**Stored entries:**
----

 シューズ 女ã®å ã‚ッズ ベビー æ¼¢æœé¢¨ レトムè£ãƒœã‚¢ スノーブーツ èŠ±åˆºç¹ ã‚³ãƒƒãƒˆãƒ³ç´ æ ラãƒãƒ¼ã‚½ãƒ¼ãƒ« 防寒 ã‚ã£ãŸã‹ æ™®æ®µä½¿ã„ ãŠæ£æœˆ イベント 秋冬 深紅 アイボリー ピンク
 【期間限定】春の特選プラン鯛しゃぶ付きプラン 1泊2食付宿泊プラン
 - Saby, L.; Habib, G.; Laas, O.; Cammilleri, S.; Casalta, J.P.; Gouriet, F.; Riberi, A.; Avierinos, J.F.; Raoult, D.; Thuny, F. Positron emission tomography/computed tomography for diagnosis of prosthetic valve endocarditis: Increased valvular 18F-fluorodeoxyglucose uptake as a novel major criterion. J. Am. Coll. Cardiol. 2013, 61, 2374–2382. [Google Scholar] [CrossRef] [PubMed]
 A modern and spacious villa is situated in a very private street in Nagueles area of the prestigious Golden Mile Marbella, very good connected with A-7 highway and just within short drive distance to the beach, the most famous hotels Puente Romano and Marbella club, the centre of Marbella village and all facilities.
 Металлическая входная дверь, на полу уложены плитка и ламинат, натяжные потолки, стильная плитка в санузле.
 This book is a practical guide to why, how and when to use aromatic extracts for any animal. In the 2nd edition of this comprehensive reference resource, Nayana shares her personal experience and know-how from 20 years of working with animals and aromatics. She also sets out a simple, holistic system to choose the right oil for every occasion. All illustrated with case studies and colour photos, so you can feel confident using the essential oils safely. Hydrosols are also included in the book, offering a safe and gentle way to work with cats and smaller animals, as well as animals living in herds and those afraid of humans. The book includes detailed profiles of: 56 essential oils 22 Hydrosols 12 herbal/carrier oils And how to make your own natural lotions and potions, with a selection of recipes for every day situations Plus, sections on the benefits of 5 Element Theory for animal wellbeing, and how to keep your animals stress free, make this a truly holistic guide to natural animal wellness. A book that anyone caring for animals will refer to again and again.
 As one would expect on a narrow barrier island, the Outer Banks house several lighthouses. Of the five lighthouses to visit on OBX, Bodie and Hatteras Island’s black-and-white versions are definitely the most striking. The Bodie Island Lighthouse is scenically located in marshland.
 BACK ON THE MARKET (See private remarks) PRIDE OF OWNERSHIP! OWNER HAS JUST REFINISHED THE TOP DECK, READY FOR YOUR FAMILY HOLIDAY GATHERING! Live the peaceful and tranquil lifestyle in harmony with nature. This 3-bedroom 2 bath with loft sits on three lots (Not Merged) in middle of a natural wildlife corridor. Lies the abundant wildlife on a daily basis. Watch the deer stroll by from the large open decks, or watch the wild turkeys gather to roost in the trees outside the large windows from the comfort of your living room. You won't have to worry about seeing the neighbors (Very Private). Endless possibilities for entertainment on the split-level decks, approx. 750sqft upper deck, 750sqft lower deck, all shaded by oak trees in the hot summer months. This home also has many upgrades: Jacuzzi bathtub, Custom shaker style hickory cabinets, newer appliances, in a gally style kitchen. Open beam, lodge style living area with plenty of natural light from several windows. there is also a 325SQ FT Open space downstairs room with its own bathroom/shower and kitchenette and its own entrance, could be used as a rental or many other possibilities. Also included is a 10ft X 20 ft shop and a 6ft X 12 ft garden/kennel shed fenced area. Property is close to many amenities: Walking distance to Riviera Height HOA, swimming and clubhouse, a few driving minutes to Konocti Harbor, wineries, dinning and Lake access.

----

**Description of the task:**
Keeping every word in place, restate the entries above.

**Response to the exercise:**
 シューズ 女ã®å ã‚ッズ ベビー æ¼¢æœé¢¨ レトムè£ãƒœã‚¢ スノーブーツ èŠ±åˆºç¹ ã‚³ãƒƒãƒˆãƒ³ç´ æ ラãƒãƒ¼ã‚½ãƒ¼ãƒ« 防寒 ã‚ã£ãŸã‹ æ™®æ®µä½¿ã„ ãŠæ£æœˆ イベント 秋冬 深紅 アイボリー ピンク
 【期間限定】春の特選プラン鯛しゃぶ付きプラン 1泊2食付宿泊プラン
 - Saby, L.; Habib, G.; Laas, O.; Cammilleri, S.; Casalta, J.P.; Gouriet, F.; Riberi, A.; Avierinos, J.F.; Raoult, D.; Thuny, F. Positron emission tomography/computed tomography for diagnosis of prosthetic valve endocarditis: Increased valvular 18F-fluorodeoxyglucose uptake as a novel major criterion. J. Am. Coll. Cardiol. 2013, 61, 2374–2382. [Google Scholar] [CrossRef] [PubMed]
 A modern and spacious villa is situated in a very private street in Nagueles area of the prestigious Golden Mile Marbella, very good connected with A-7 highway and just within short drive distance to the beach, the most famous hotels Puente Romano and Marbella club, the centre of Marbella village and all facilities.
 Металлическая входная дверь, на полу уложены плитка и ламинат, натяжные потолки, стильная плитка в санузле.
 This book is a practical guide to why, how and when to use aromatic extracts for any animal. In the 2nd edition of this comprehensive reference resource, Nayana shares her personal experience and know-how from 20 years of working with animals and aromatics. She also sets out a simple, holistic system to choose the right oil for every occasion. All illustrated with case studies and colour photos, so you can feel confident using the essential oils safely. Hydrosols are also included in the book, offering a safe and gentle way to work with cats and smaller animals, as well as animals living in herds and those afraid of humans. The book includes detailed profiles of: 56 essential oils 22 Hydrosols 12 herbal/carrier oils And how to make your own natural lotions and potions, with a selection of recipes for every day situations Plus, sections on the benefits of 5 Element Theory for animal wellbeing, and how to keep your animals stress free, make this a truly holistic guide to natural animal wellness. A book that anyone caring for animals will refer to again and again.
 As one would expect on a narrow barrier island, the Outer Banks house several lighthouses. Of the five lighthouses to visit on OBX, Bodie and Hatteras Island’s black-and-white versions are definitely the most striking. The Bodie Island Lighthouse is scenically located in marshland.
 BACK ON THE MARKET (See private remarks) PRIDE OF OWNERSHIP! OWNER HAS JUST REFINISHED THE TOP DECK, READY FOR YOUR FAMILY HOLIDAY GATHERING! Live the peaceful and tranquil lifestyle in harmony with nature. This 3-bedroom 2 bath with loft sits on three lots (Not Merged) in middle of a natural wildlife corridor. Lies the abundant wildlife on a daily basis. Watch the deer stroll by from the large open decks, or watch the wild turkeys gather to roost in the trees outside the large windows from the comfort of your living room. You won't have to worry about seeing the neighbors (Very Private). Endless possibilities for entertainment on the split-level decks, approx. 750sqft upper deck, 750sqft lower deck, all shaded by oak trees in the hot summer months. This home also has many upgrades: Jacuzzi bathtub, Custom shaker style hickory cabinets, newer appliances, in a gally style kitchen. Open beam, lodge style living area with plenty of natural light from several windows. there is also a 325SQ FT Open space downstairs room with its own bathroom/shower and kitchenette and its own entrance, could be used as a rental or many other possibilities. Also included is a 10ft X 20 ft shop and a 6ft X 12 ft garden/kennel shed fenced area. Property is close to many amenities: Walking distance to Riviera Height HOA, swimming and clubhouse, a few driving minutes to Konocti Harbor, wineries, dinning and Lake access.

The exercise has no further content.